* **Work instructions**: Could you copy exactly the lines below, beginning at the line with "上前歯4本、連結された差し歯の歯茎の腫れと痛み" and stopping after the line with "پاورپوینت کامل بررسی", with no pictures?

★ ★ ★

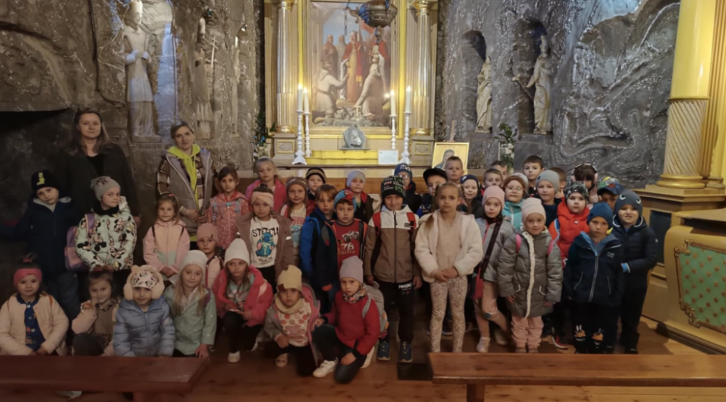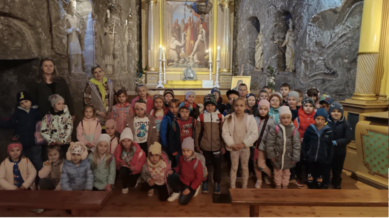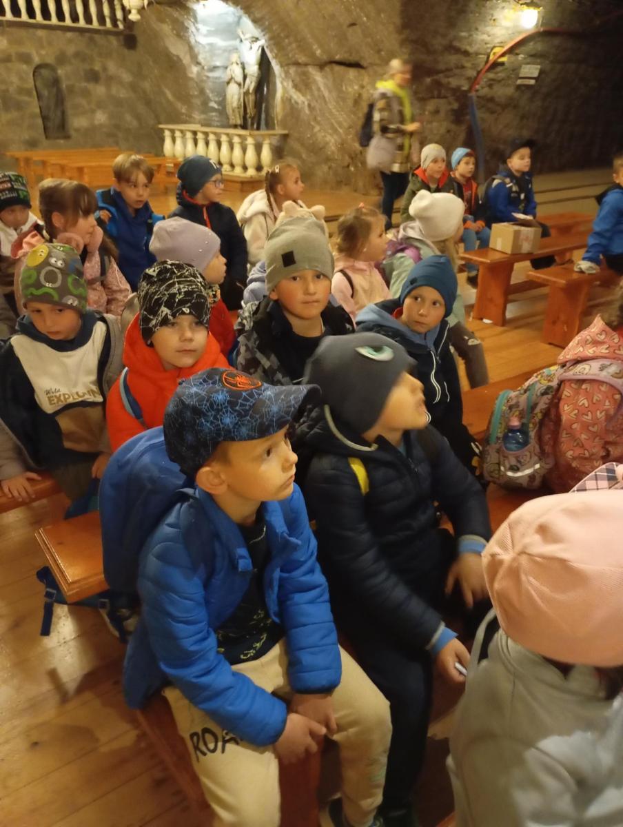 We wtorek 13 maja, dzieci z grup przedszkolnych 5 i 6-latków uczestniczyły w wycieczce do jednej z najstarszych kopalni soli w Europie – kopalni soli w Bochni. Już od rana wszystkim dopisywał doskonały humor i ogromna ciekawość co czeka na nich głęboko pod ziemią. Po przyjeździe na miejsce na małych turystów czekała pani przewodnik która opowiedziała krótko o historii kopalni. Dużą atrakcją był zjazd specjalną windą pod ziemię który wzbudził dużo emocji i okrzyków radości. Nie zabrałko przejazdu podziemną kolejką przez kręte korytarze solne. Dzieci mogły zobaczyć dawne narzędzia górnicze, postacie i scenki z życia dawnych górników. Po zwiedzaniu przedszkolaki miały czas na odpoczynek w strefie rekreacyjnej gdzie mogły zjeść posiłek i pobawić się. Wycieczka była nie tylko świetną lekcją historii ale też doskonałą okazją do wspólnej zabawy i integracji. Każde dziecko otrzymało pamiątki w postaci woreczków z kryształkami soli, które będą im przypominać o tej niezwykłej przygodzie.
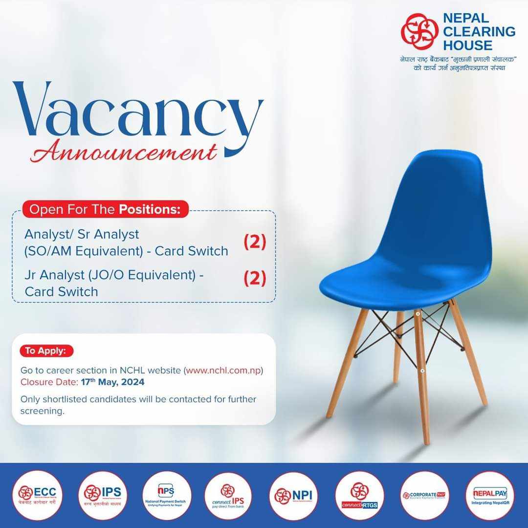 काठमाडौं । नेपालमा क्लियरिङ हाउस लिमिटेडले कर्मचारी माग गरेको छ । कम्पनीले एनालिस्ट, सिनियर एनालिास्ट, कार्ड स्वीचका लागि २ जना र जूनियर एनालिस्ट कार्ड स्वीचका लागि २ जना गरी कुल ४ जना कर्मचारी माग गरेको हो । ईच्छुक तथा योग्यता पुगेकाले १७ मेसम्म आवेदन दिन सकिनेछ ।
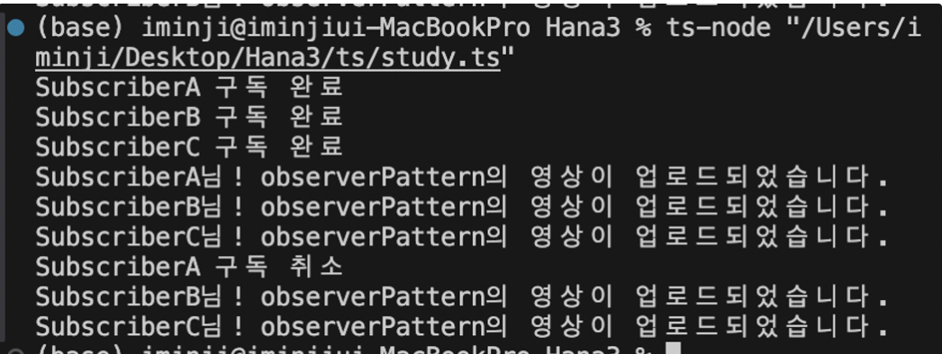 console.log('ObserverA님! 알림이 도착하였습니다.');
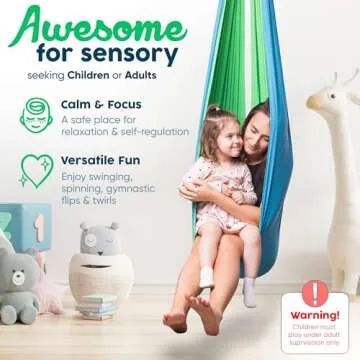 Show more Embrace the joy and serenity that our trusted sensory swing brings to every home, therapy center, or school environment. Designed to support sensory engagement, this innovative swing is a game-changer, rooted in research from the Journal of Autism and Developmental Disorders. It provides a safe and calming atmosphere where users can relax, recuperate, and focus on their emotional well-being. With its high-quality construction, our swings ensure *greater balance, coordination,* and *motor skills* development while reducing anxiety, creating the perfect cocoon of comfort and support.
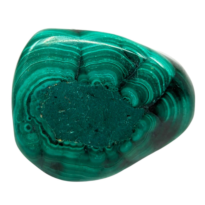 In der Steinheilkunde steht der Malachit für mehr Lebensfreude und Ausgeglichenheit. Man sagt, er verbessert die Konzentrationsfähigkeit und beflügelt die Fantasie. Der Trommelstein aus Malachit hat die perfekte Größe, um ihn entweder dekorativ im Raum zu platzieren oder ihn als spirituellen Begleiter mitzuführen.
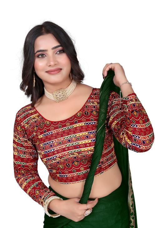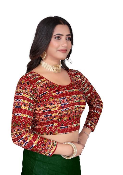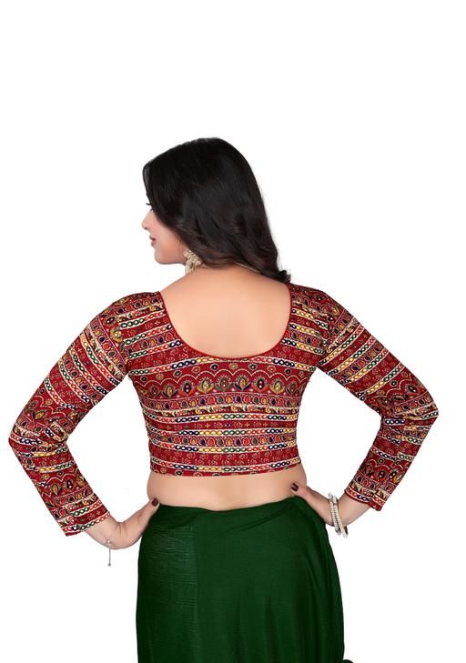 Readymade Blouse with Full Sleeves round Neck Printed Aztec Pattern Full Stretchable
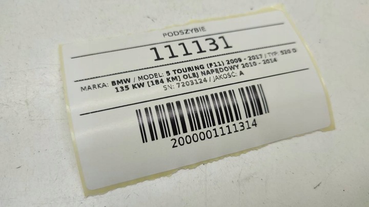 Przedmiot aukcji: PODSZYBIE BMW F10 F11 EUROPA 7203124 USZKODZONY
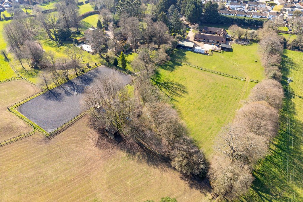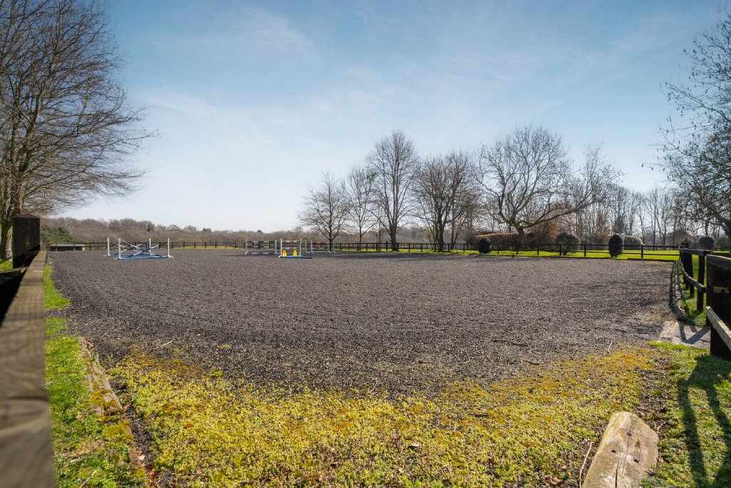 The land itself is a particular highlight, comprising a combination of well-maintained paddocks and open grazing, enclosed by post and rail fencing and bordered by mature trees and hedgerows. The setting offers both privacy and picturesque outlooks across the surrounding Chiltern countryside. A dedicated riding arena further enhances the equestrian appeal, providing year-round usability and making this an ideal proposition for those with serious equestrian interests.
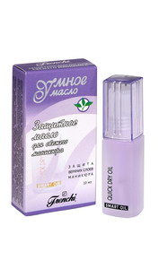 Верхний слой маникюра, наиболее подверженный деформации, смазыванию, налипанию пылинок и других взвесей, теперь защищен масляной пленкой, оберегающей лак от «пыльных бурь» и деформации.
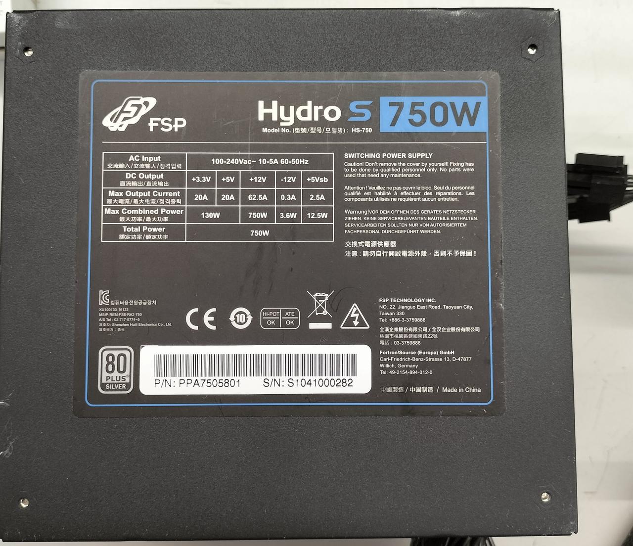 対応規格:ATX12V v2.52/EPS12V 電源容量:750W 80PLUS認証:SILVER サイズ:150x140x86mm |
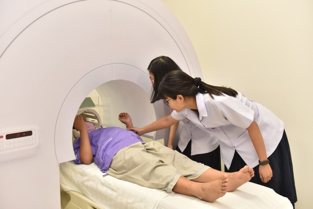 ขณะตรวจด้วยเทคนิค fMRI ในอาสาสมัครเด็ก (MRI mock-scanner for the reduction of head movement in pediatric participants undergoing fMRI scanning) ของ น.ส.นันทิกานต์ สงทิพย์ (มะเหมี่ยว) , น.ส.พรรษชนก ปันทะรส (ต้นเทียน) , น.ส. ปิยณิตา กลิ่นจำปา (ปรางค์) เพิ่งได้รับรางวัลชนะเลิศ ในโครงการประชุมวิชาการนักศึกษารังสีเทคนิค ครั้งที่ 3 ประจำปี 2566 อีกด้วย
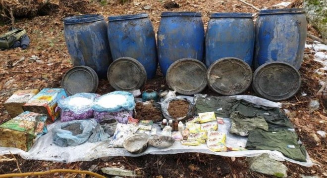 Amanoslar bölgesinde devam eden “Eren Kış-2 Şehit Jandarma Onbaşı Mustafa Baltacı” operasyonu kapsamında bölücü terör örgütü PKK'ya ait sığınakta yaşam malzemeleri ele geçirildi.
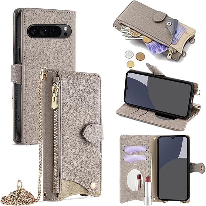 For Google Pixel 10 Pro XL ケース 手帳型 ショルダー For グーグル ピクセル10プロXL カバー 財布型 肩掛け 横+縦 2掛け方 斜めがけ 化粧鏡付き おしゃれ ジッパー小銭入れ カード収納 横置き ロングストラップ 耐汚れ PUレザー 防指紋 高耐久性 女性用 贈り物 COCOCLOUD グレー
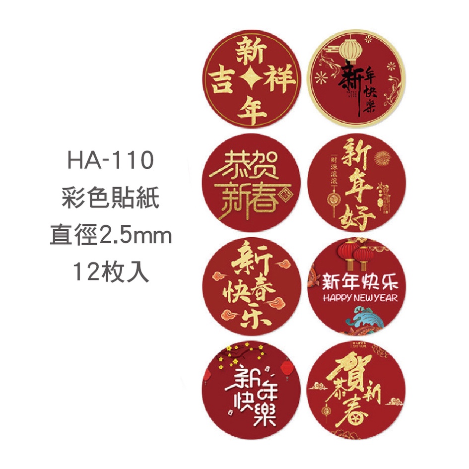 新年款 (現貨) NEW圓形貼紙(12枚) 龍年【久大文具】1404
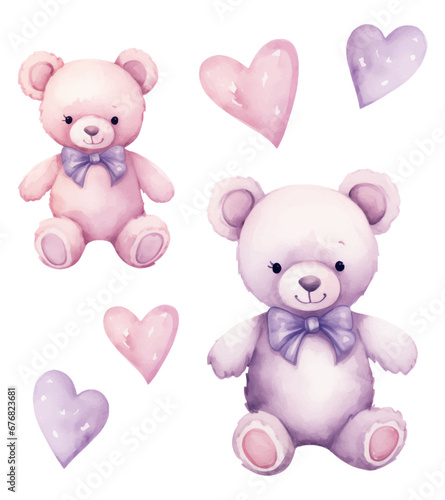 Obraz premium かわいいテディベアのパステルカラー水彩ベクターイラスト
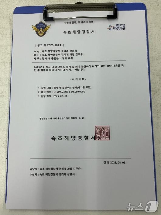 9일 속초해양경찰서에 따르면 최근 속초해경서 명의와 공식 문서 양식을 도용해 ‘청사 내 흡연부스 철거 계획’이라는 제목의 허위 문서가 지역 내 업체에 전달됐다.
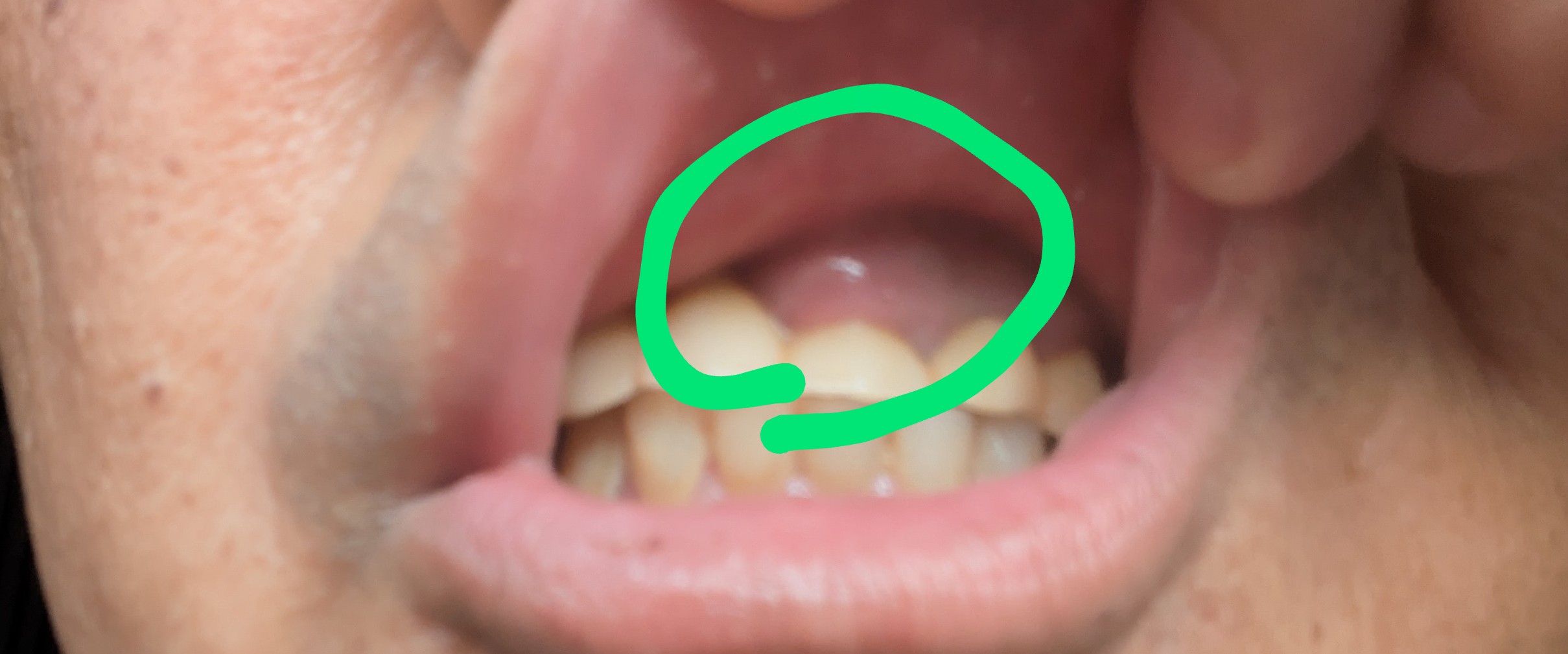 上前歯4本、連結された差し歯の歯茎の腫れと痛み
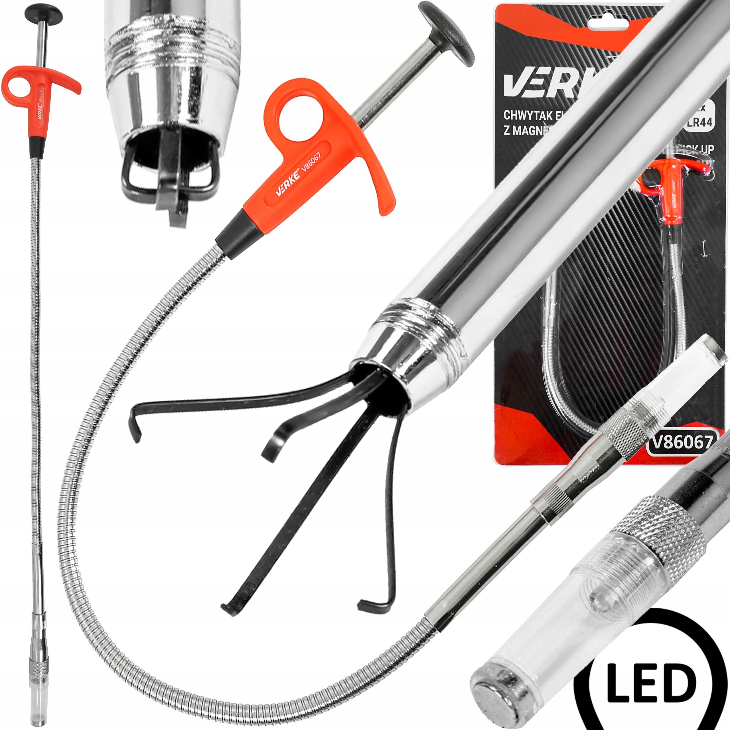 3in1 підйомник. Комплект включає магнітну, кігті та світлодіодну підсвічування. Розроблений для роботи в важких для досягнення та темних місць
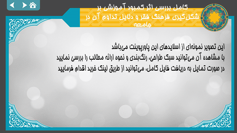 پاورپوینت کامل بررسی اثر کمبود آموزشی بر شکلگیری فرهنگ فقر و دلایل تداوم آن در جامعه
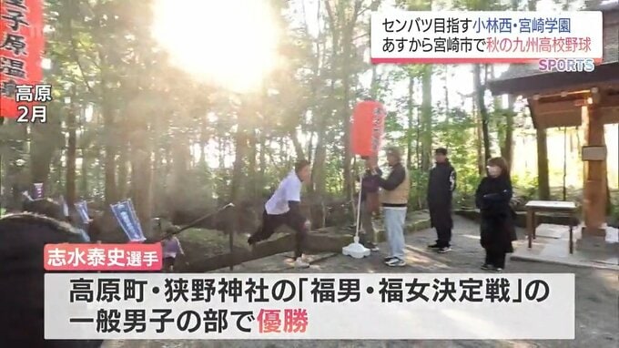 中でも注目の、1番バッターの志水選手は、今年2月に高原町の狭野神社で行われた「福男・福女決定戦」の一般男子の部で優勝した俊足の持ち主です。
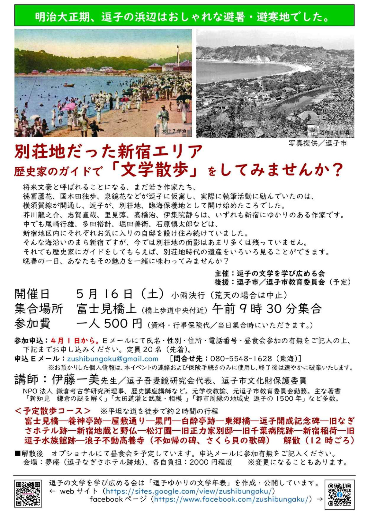 市民団体「逗子の文学を学び広める会」が5月16日、逗子・新宿にゆかりのある文人の足跡をたどる「文学散歩」を行う。

★ ★ ★

* **The answer**:
 上前歯4本、連結された差し歯の歯茎の腫れと痛み
 3in1 підйомник. Комплект включає магнітну, кігті та світлодіодну підсвічування. Розроблений для роботи в важких для досягнення та темних місць
 پاورپوینت کامل بررسی اثر کمبود آموزشی بر شکلگیری فرهنگ فقر و دلایل تداوم آن در جامعه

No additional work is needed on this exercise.